DP has said (and I agree) that he doesn't want DD to go anywhere near them for her own protection. I just know that he is so desperate to have a relationship with her, not all of the drama

OP posts:
McHappyPants2012 · 27/05/2012 21:28

Also you would of been informed of court action even before it went to court

TheUnMember · 27/05/2012 21:28

*anyone not anyway

lifechanger · 27/05/2012 21:28

This reply has been deleted

Message withdrawn at poster's request.

LowRegNumber · 27/05/2012 21:33

What lifechanger said, I feel for your dh though, it all sounds like an awful situation Sad

DeckSwabber · 27/05/2012 21:34

Perhaps your MiL is being emotionally abused by her dad (who I assume she is seeing regularly now that she is caring for him), perhaps she feels that she needs to forget the past in order to look after him now, perhaps he has threatened to cut her out of his will if she tells.... who knows?

I would be concerned about her but not sure what her children can do other than withdraw while letting her know that they are there for her if she needs help.

What is their relationship with their grandad like?

Another thought - could they get some confidential advice from somewhere? (anyone got any ideas?)

mousseschoice · 27/05/2012 21:36

I just feel really really feel for DP as he's always had to deal with this and it has got worse throughout the years.
The funny thing is she will call in a few days and will ask why we haven't been to see her!
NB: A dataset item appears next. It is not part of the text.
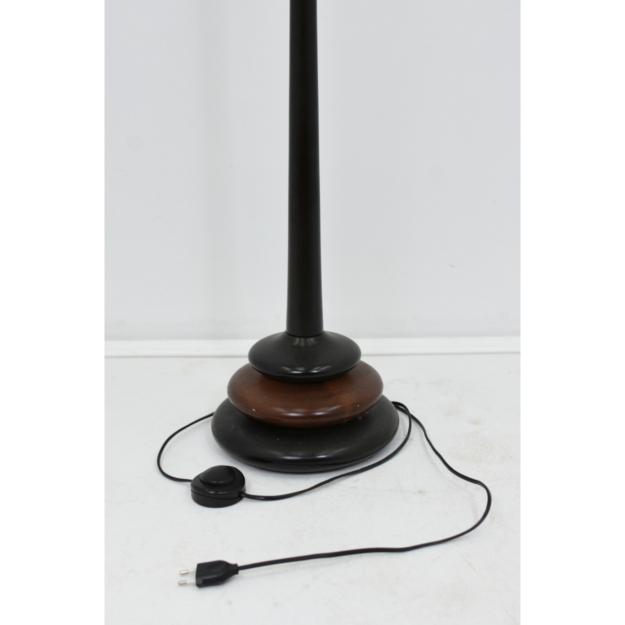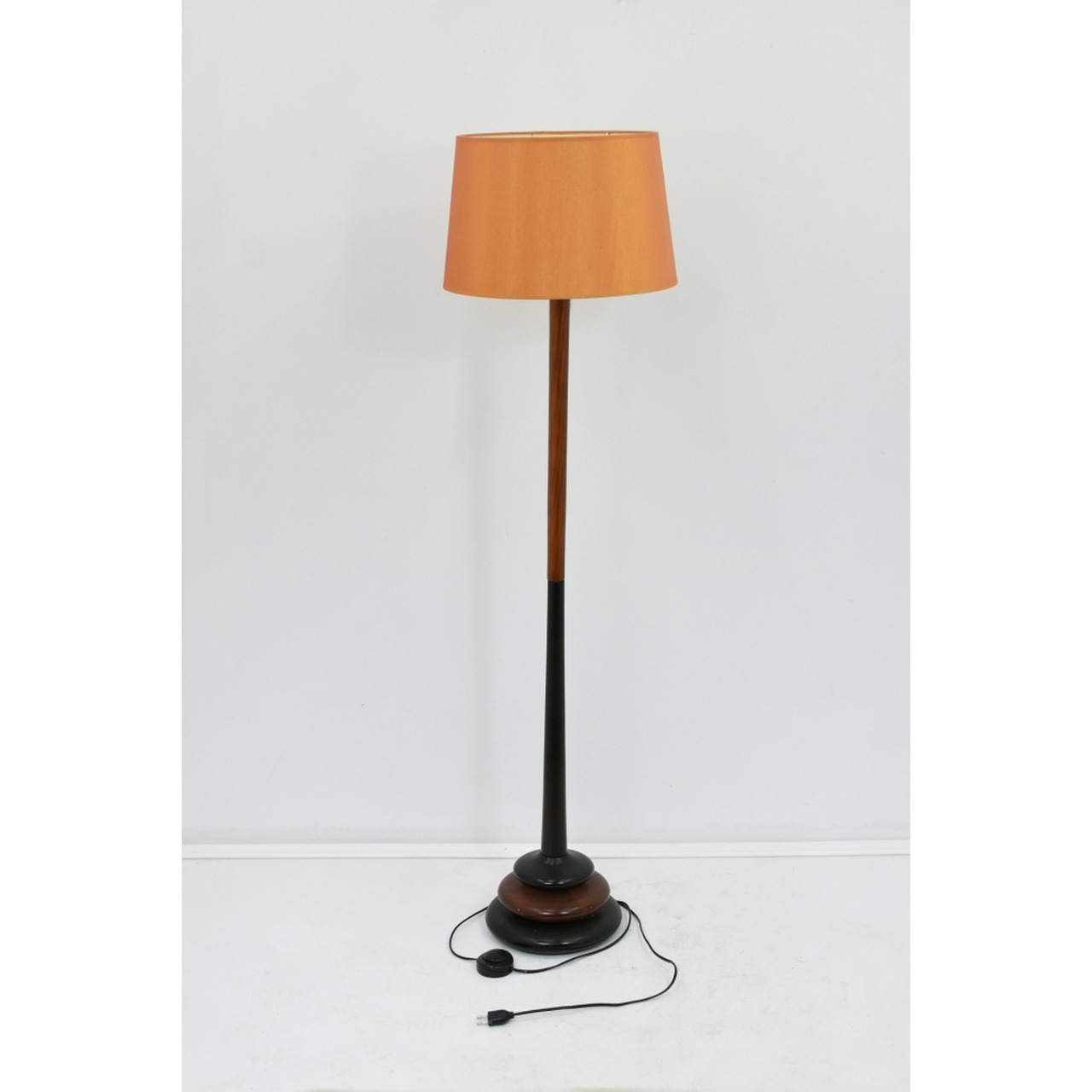 Candeeiro de pé alto em madeira e abatjour em tecido laranja

Her dad is quite mobile still - enough to drive a car out and about, so I'm not too sure as to why she is his carer? He has quite a reputation in our area, and has once decapitated a dog infront of his grandchildren years ago.

OP posts:
mousseschoice · 27/05/2012 21:37

DP, BIL & SIL haven't spoken to him since their teens

OP posts:
TheUnMember · 27/05/2012 21:37
Shock
DeckSwabber · 27/05/2012 21:48

He sounds like a thoroughly scary person. I wouldn't want my mum spending a lot of time with him.

It sound like you need some professional advice.